Genomic Manipulations

Deletion of chromosomal genes (wcaJ, nudD, and nudK) from E. coli C41 (DE3)ΔZ were carried out using the CRISPR-Cas9 technology as reported previously (Jiang et al., 2015). Specifically, a single colony of E. coli harboring pCas plasmid was inoculated into LB containing 50 ug/ml kanamycin and induced with 20 mM arabinose for expression of λ-red recombinase prior to preparing electro-competent cells. Approximately 500 bp homologous arms were separately amplified from the upstream and downstream of the target gene loci, and then fused together by overlap PCR to prepare donor dsDNA fragments for the genome editing templates. The sequences of donor dsDNA fragments are provided in Supplementary Table 1. For each electrotransformation, 100 ng of specific pTargetF and 400 ng of dsDNA fragment were well-mixed with 50 μl aliquots of competent cells containing Cas9 protein and λ-red recombinase, and then electroporated in a 1-mm cuvette (Bio-Rad) at 1.80 kV using Bio-Rad MicroPulser (Shanghai, China). Instantly, the shocked cells were suspended in 1 ml of ice-cold fresh medium and recovered for 2 h at 30°C. As a result, the mutants were identified from an agar plate by colony PCR and DNA sequencing. Eventually, plasmids pTargetF and pCas were removed as described by Jiang et al. (2015).

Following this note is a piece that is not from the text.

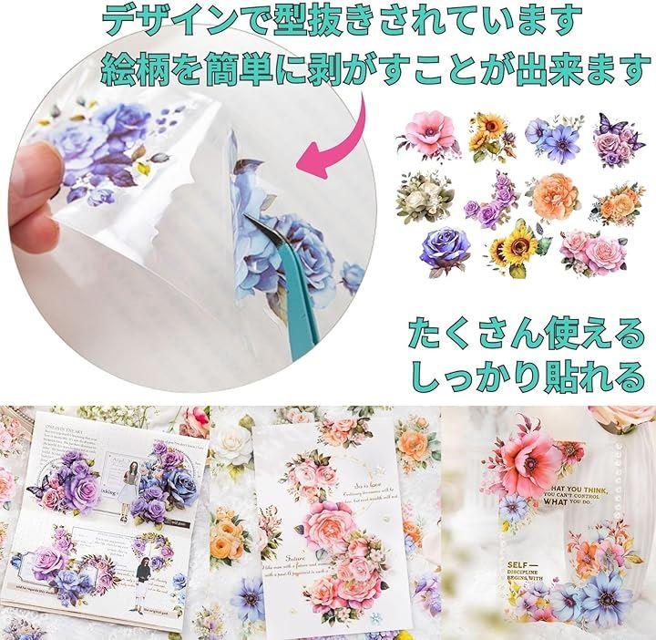 「手帳・アルバムに最適」型抜き加工で、剥がしやすく使い易い。手帳、アルバムのデコレーション、ジャーナル、スクラップブック、ギフト包装、コラージュ、DIYプロジェクト、クラフトなど利用できる文房具に。

For the chromosomal integration of α-1,2-FT gene (futC), an individual expression cassette of futC containing the kanamycin-resistance gene flanked by FRT sites was amplified by PCR from the pre-constructed plasmid pKD-FT-FKF (Supplementary Figure 1G). And the purified PCR product was intergrated into the fucIK gene locus of E. coli strain harboring pKD46 using the λ-Red recombinase method as described previously (Datsenko and Wanner, 2000; Baumgärtner et al., 2013). The insertion of foreign DNA sequence was confirmed by the colony PCR and DNA sequencing. For the correct mutant, the antibiotic resistance cassette was eliminated by pCP20 expressing FLP recombinase.

Culture Conditions and Bacterial Fermentation

In all cases unless otherwise noted, E. coli strains were cultured in liquid LB medium (containing 10 g/L tryptone, 5 g/L yeast extract and 10 g/L NaCl) at 37°C with shaking at 220 rpm for cell growth. Moreover, as required, appropriate antibiotics (34 μg/mL chloramphenicol, 50 μg/mL kanamycin, 100 μg/mL ampicillin, and 50 μg/mL spectinomycin) were added into the medium at 30°C or 37°C for single-clone selection, plasmid preparation, and maintenance.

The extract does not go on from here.